::: Provided data :::

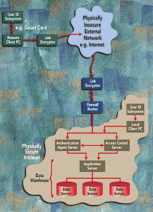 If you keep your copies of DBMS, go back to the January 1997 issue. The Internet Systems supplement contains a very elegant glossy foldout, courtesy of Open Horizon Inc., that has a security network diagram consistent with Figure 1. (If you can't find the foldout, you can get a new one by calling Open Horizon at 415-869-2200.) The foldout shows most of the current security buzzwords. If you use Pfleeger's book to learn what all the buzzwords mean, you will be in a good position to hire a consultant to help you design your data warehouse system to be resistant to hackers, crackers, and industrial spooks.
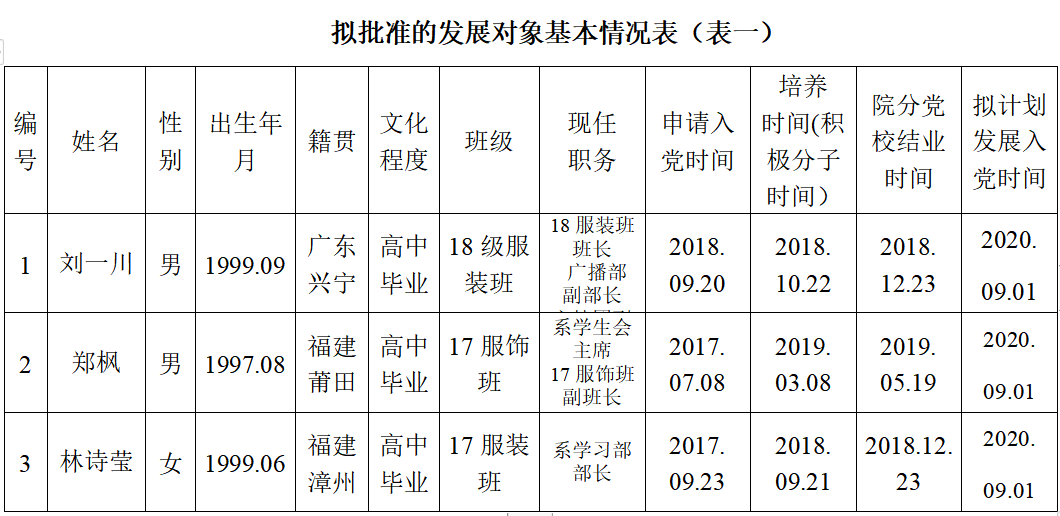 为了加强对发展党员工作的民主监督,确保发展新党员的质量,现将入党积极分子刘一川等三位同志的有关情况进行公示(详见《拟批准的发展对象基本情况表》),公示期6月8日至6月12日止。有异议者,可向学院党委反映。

:::
::: Provided data :::

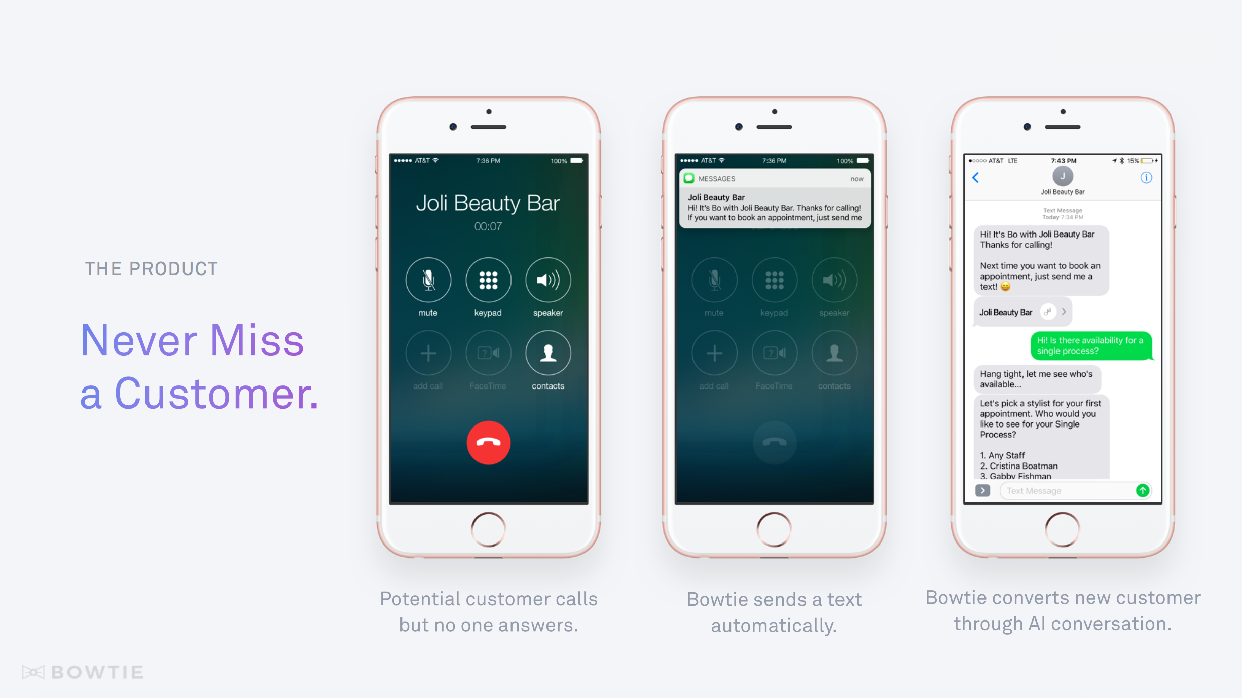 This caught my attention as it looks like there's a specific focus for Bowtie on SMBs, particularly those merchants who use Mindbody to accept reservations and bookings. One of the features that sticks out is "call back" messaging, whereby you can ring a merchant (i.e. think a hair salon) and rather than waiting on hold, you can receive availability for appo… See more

:::
::: Provided data :::

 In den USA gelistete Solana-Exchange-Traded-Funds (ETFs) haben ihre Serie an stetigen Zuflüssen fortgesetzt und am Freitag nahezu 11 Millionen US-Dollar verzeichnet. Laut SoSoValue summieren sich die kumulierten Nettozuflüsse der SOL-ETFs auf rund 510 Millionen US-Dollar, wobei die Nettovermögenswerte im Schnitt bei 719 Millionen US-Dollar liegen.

:::

- How to complete this task
Starting from the line with "If you keep" in the records above, repeat each line exactly until you have written the line with "为了加强对发展党员工作的民主", then stop; drop the pictures.

- Answer section
 If you keep your copies of DBMS, go back to the January 1997 issue. The Internet Systems supplement contains a very elegant glossy foldout, courtesy of Open Horizon Inc., that has a security network diagram consistent with Figure 1. (If you can't find the foldout, you can get a new one by calling Open Horizon at 415-869-2200.) The foldout shows most of the current security buzzwords. If you use Pfleeger's book to learn what all the buzzwords mean, you will be in a good position to hire a consultant to help you design your data warehouse system to be resistant to hackers, crackers, and industrial spooks.
 为了加强对发展党员工作的民主监督,确保发展新党员的质量,现将入党积极分子刘一川等三位同志的有关情况进行公示(详见《拟批准的发展对象基本情况表》),公示期6月8日至6月12日止。有异议者,可向学院党委反映。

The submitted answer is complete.